Core Concepts
Contrastive-based deep embeddings exhibit superior resilience to label noise compared to non-contrastive embeddings and image-based methods in histopathology image classification.
Abstract
The paper presents a comprehensive evaluation of the robustness of deep embeddings extracted from various pretrained histopathology foundation models under different label noise scenarios. The key findings are:
Classifiers trained on contrastive-based deep embeddings demonstrate improved robustness to label noise compared to those trained on the original images using state-of-the-art noise-resilient methods.
Contrastive-based embeddings exhibit superior noise tolerance compared to non-contrastive embeddings, even when the backbones are trained on unrelated domains like ImageNet.
The observed performance differences are not due to the quality of the learned representations, but rather to the noise-resilient property leveraged by the linear classifier when trained with contrastive embeddings.
While contrastive learning effectively mitigates the label noise challenge, it does not completely eliminate it, especially for relatively small datasets and under asymmetric noise scenarios. Further research is needed to develop methods that can fully overcome the label noise issue.
Stats
"Recent advancements in deep learning have proven highly effective in medical image classification, notably within histopathology."
"To be effective, training such deep neural networks (DNNs) requires large image datasets with reliable labels. However, in the context of medical imaging and histopathology in particular, clean data are rare and expensive, requiring expert labeling campaigns."

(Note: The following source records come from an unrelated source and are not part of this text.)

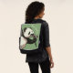 Ein Boldface Rucksack mit einem glücklichen Panda, voll von den Freuden des Frühlings, riecht nach einem Zweig von rosafarbenen Kirschblüten Blume, mit bearbeitbarem Drehbuch ganz oben bereit für Sie, um Ihre eigene persönliche Touch für ein vollkommenes Geschenk. Ein Frühlingsthemenbild, das das ganze Jahr über für begeisterte Fans der kuscheligen, schwarz-weißen Bären funktioniert. 'Anpassen', um den grünen Hintergrund zu Ihrer bevorzugten Farbe zu ändern. Textänderungen werden vorn und hinten reflektiert.
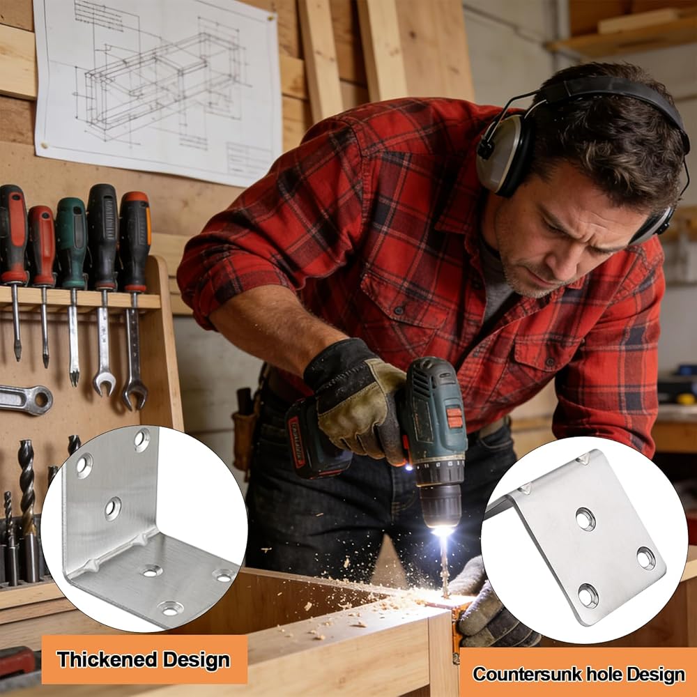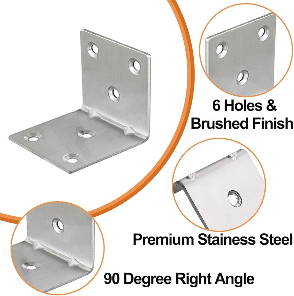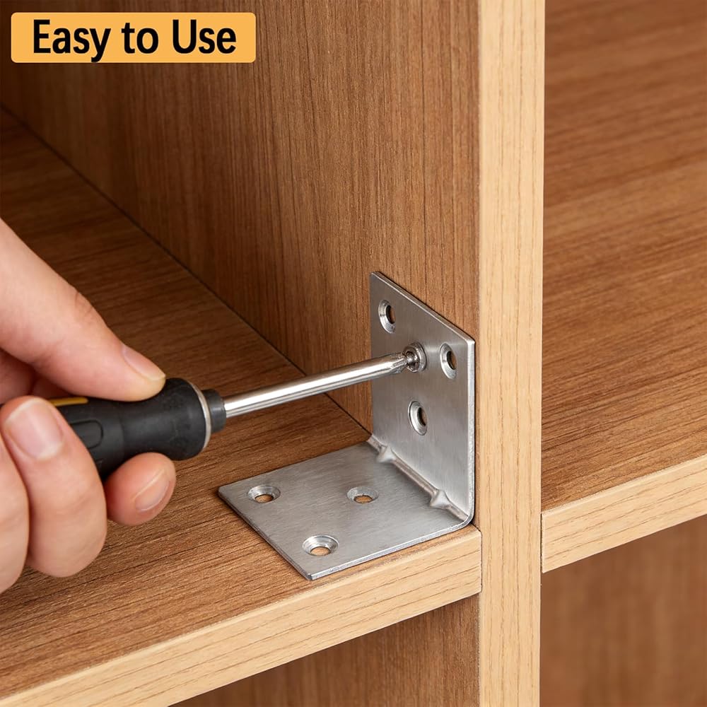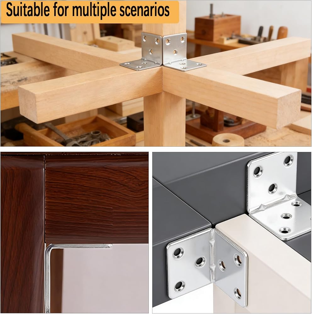 【تركيب بسيط وسريع】 مصممة لسهولة الإعداد والإزالة، توفر دعامات الزوايا المعدنية هذه الوقت والجهد أثناء التثبيت أو التفكيك. تصميمها سهل الاستخدام يجعلها خيارًا عمليًا لكل من مشاريع الأعمال اليدوية والإصلاحات الاحترافية
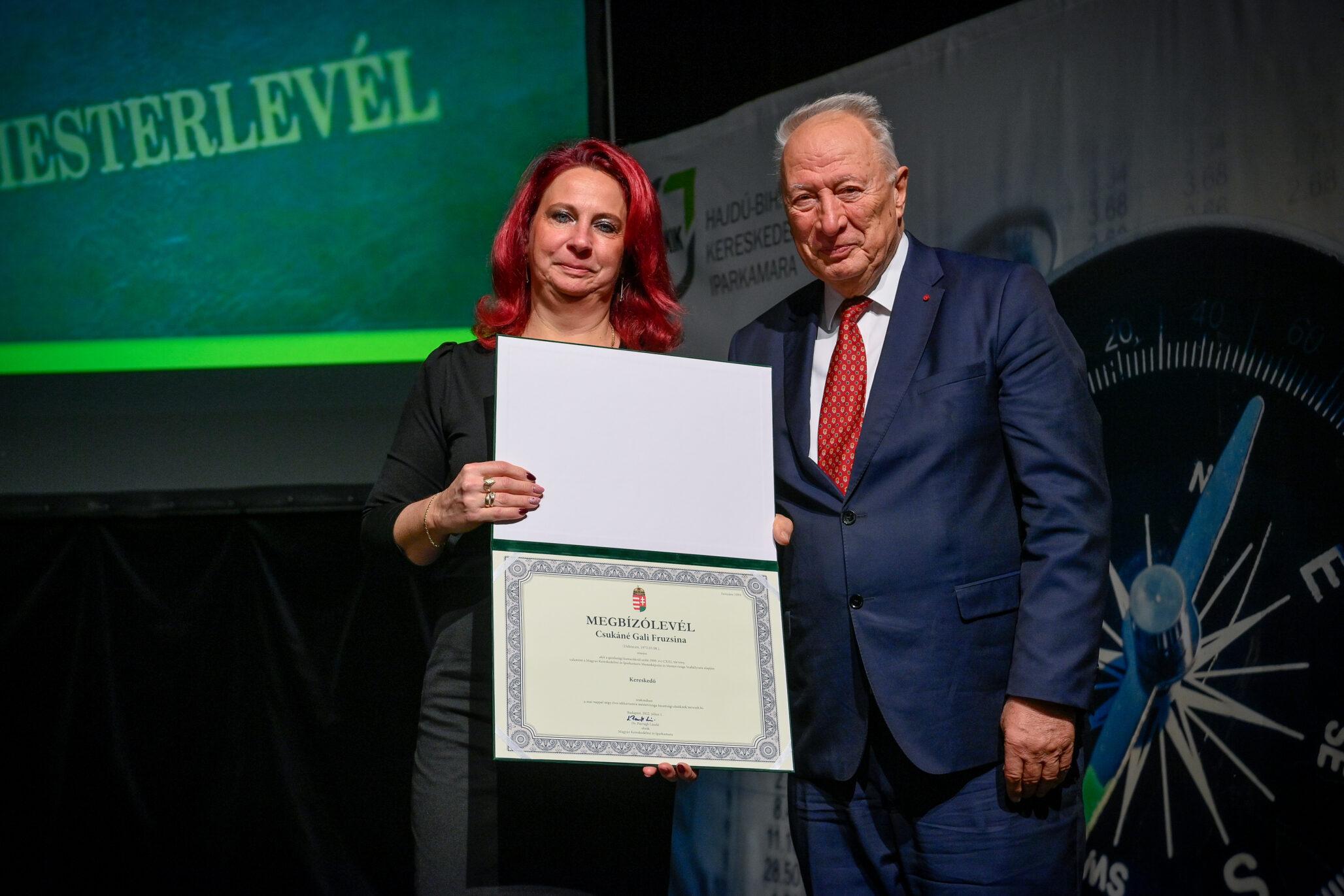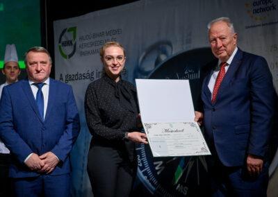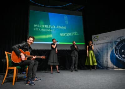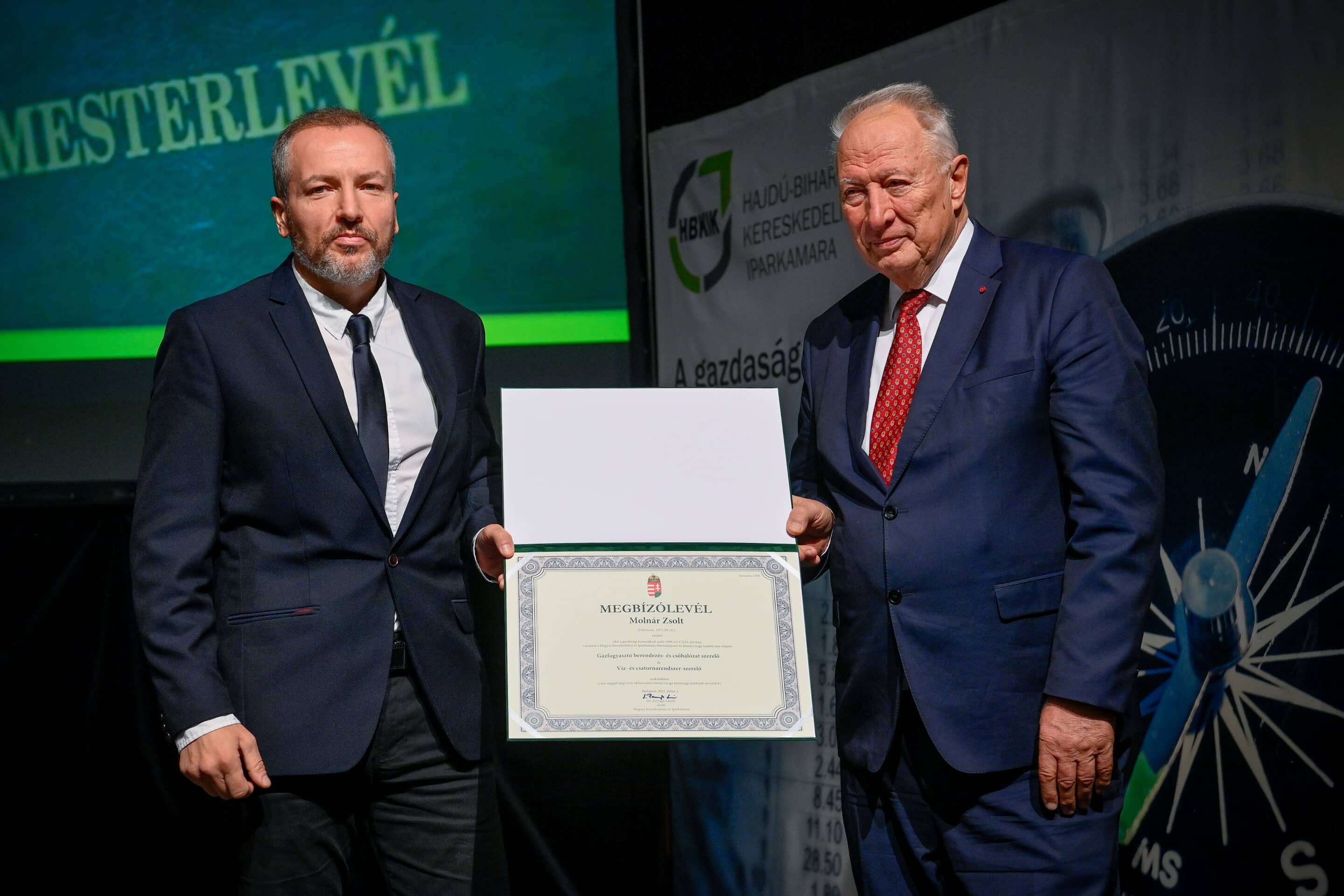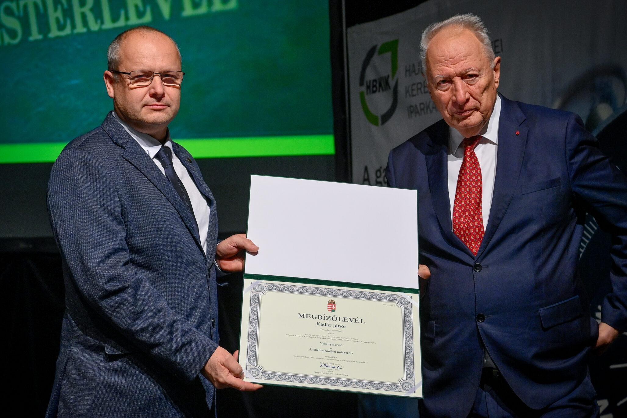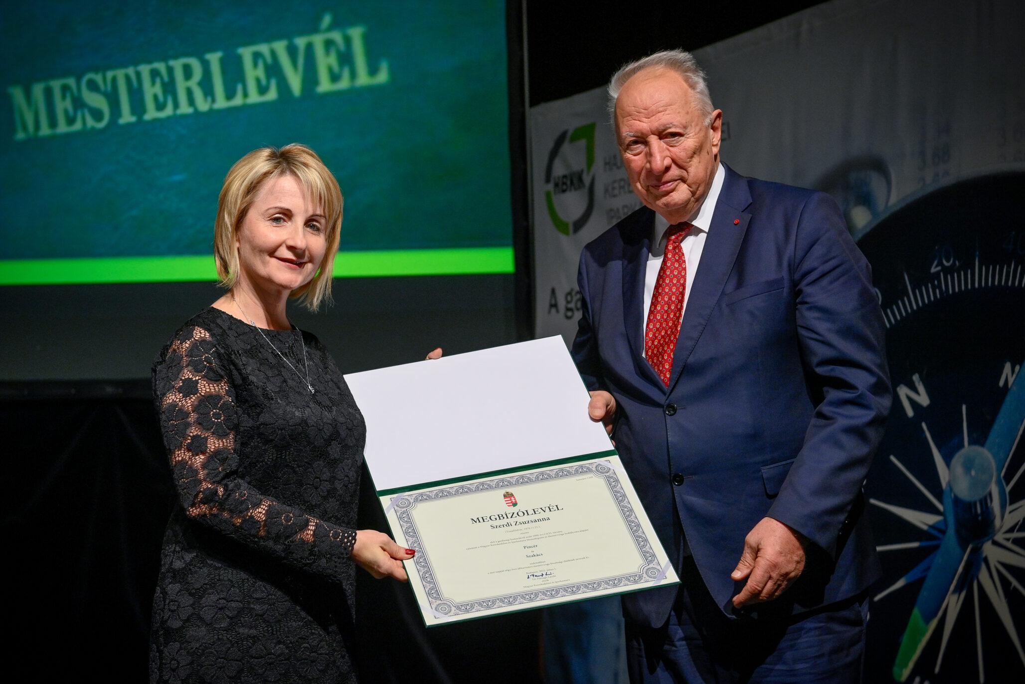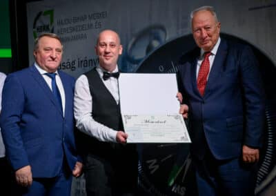 „Egy jó mester a világon is igazít” – Kiss Anna prózájának az utolsó mondata elevenedett meg a Hajdú-Bihar Megyei Kereskedelmi és Iparkamara (HBKIK) mesterlevél–átadó ünnepségén 2022. december 7-én, a debreceni Kölcsey Központ báltermében. Kamaránk idén kozmetikus, pincér és szakács szakmákban szervezett mestervizsgát. Az ünnepi esemény különlegessége, hogy ezúttal aranykoszorús mesterlevél és mesterelnöki kinevezések átadására is sor került.

"These inaccuracies, stemming from inter-observer variability, imperfect segmentation of tissue regions, inherent ambiguity in the biological features, and omission errors, impede the development of reliable deep learning models."
"It has been proven that DNNs can easily overfit noisy labels (Li et al., 2018; Zhang et al., 2016), leading to severe degradations in model performance and thus potentially misleading clinical decisions."
Quotes
"We demonstrate that classifiers trained on contrastive deep embeddings exhibit improved robustness to label noise compared to those trained on the original images using state-of-the-art methods."
"Across nearly all the datasets and noise rates scenarios, these methods consistently match or surpass performances of image-based approaches."
"Particularly noteworthy is the observation that, for noise rates η > 0, classifiers trained with contrastive embeddings exhibit superior performance compared to their non-contrastive counterparts."